As I lay in bed recalling this, I realized that what I’d hoped for was reassurance: I wanted my mom to tell me on that drive that she’d miss me while I was gone, to tell me she loved me and would look forward to having me back home at the end of the summer. And then, when we got to camp, I wanted her to hug me good-bye. She didn’t, though. My mother was too undemonstrative and shy either to verbalize love or to express it physically—she and my father loved their kids in their own deep and very private way, but they were both markedly reserved people, with an almost pathological aversion to touch—and so when she left me at camp, she’d just give me a shy peck on the cheek and jump back into the car. I’d stand there and watch her drive away, seeds of worry cropping up inside as she disappeared around the bend: Was her reserve a direct reaction to me? Was part of her glad to be rid of me? Would she ever come back? The pain of that is what surfaced when I lay in my bunk at camp, all weepy and forlorn. And the pain of that is what surfaced when I left Lucille
. There I’d go, walking out the door without a fuss, without a hug or a kiss or a word of reassurance, and I couldn’t believe—just couldn’t believe—she didn’t experience the same thing I had as a kid.

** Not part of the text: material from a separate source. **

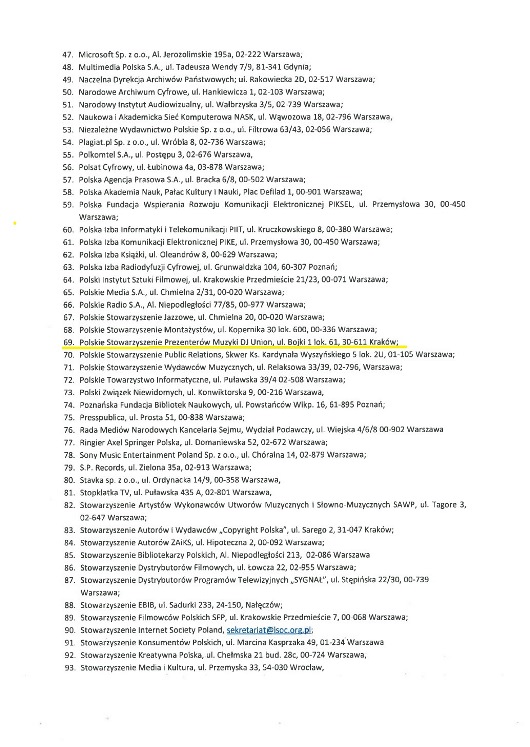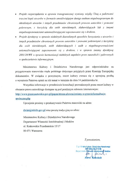 Ministerstwo Kultury i Dziedzictwa Narodowego zaprosiło również członków naszego Stowarzyszenia do udziału w konsultacjach społecznych dotyczących modernizacji prawa autorskiego. Ministerstwo Kultury i Dziedzictwa Narodowego jest odpowiedzialne za przygotowanie stanowiska rządu polskiego dotyczącego przyjętych przez Komisję Europejską dokumentów. W związku z powyższym, resort kultury zwraca się z uprzejmą prośbą o wyrażenie również opinii DJ-ów na ich temat w terminie do dnia 14 października br. W związku z powyższym prosimy o przesłanie swoich uwag do dnia 10 października tak abyśmy zdążyli przygotować i przesłać odpowiedź do MKiDN.
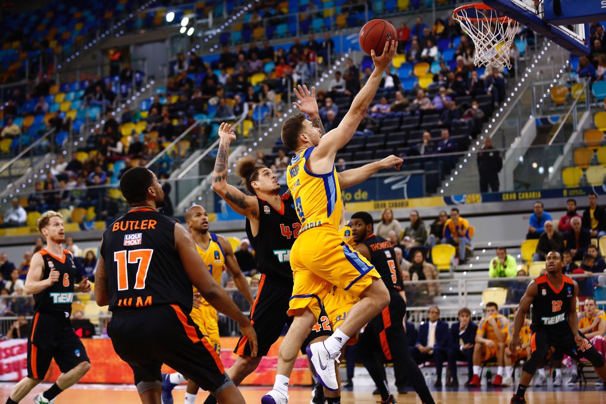 Las defensas mejoraron y los dos equipos estaban perdiendo más balones de lo habitual, sin poder encontrar ritmo ofensivo. Los alemanes estaban muy bien en tiros de dos, con canastas muy sencillas, cerca del aro y el Granca no estaba cómodo, no lograba mover el balón con rapidez ni anotar con regularidad. La conexión de Mekel con Balvin y la anotación individual de Eriksson dieron la primera ventaja significativa al Granca, aunque varios fallos de jugadores del Gran Canaria, provocaron que se ajustara el marcador (41 a 38).

Such is the power of the dog, that evocative blank screen. If Lucille were a human, she could have looked up and said, “Hey, don’t get tied into such a knot about leaving, I know you’re only going to the movies—I’ll be fine.” Because she’s not, I read into her eyes what I felt: But what about me? What will become of me? Those, of course, are my questions, the big dark existential questions I’ve lugged around my whole life, and in the inadvertent, wordless way of a dog, Lucille has slowly circled me back to them, back to the central insecurity I felt as a kid. This is ancient stuff, territory I’ve stamped across over years of psychotherapy, but when I’d leave the house and see her worried expression, it all got reflected back, that whole history of fear and doubt. Those eyes: I’m twelve years old, waiting for my parents to come home from a party, certain they’ve died in a car wreck and won’t return. That look of alarm: I’m thirteen, watching as my father swims in the ocean off Martha’s Vineyard; he’s a tiny dot of a man in the sea, and I can’t take my eyes off him, can’t lose sight of him, because if my vigilance wavers for even a fraction of a second, he will surely drown, disappear out there before I’ve mustered up the courage to tell him I love him. That anxious gaze: I’m six or seven, I’m ten or fifteen or even thirty-five, and I don’t know—I just don’t know—if the people I love love me back, if they can give me the things I need.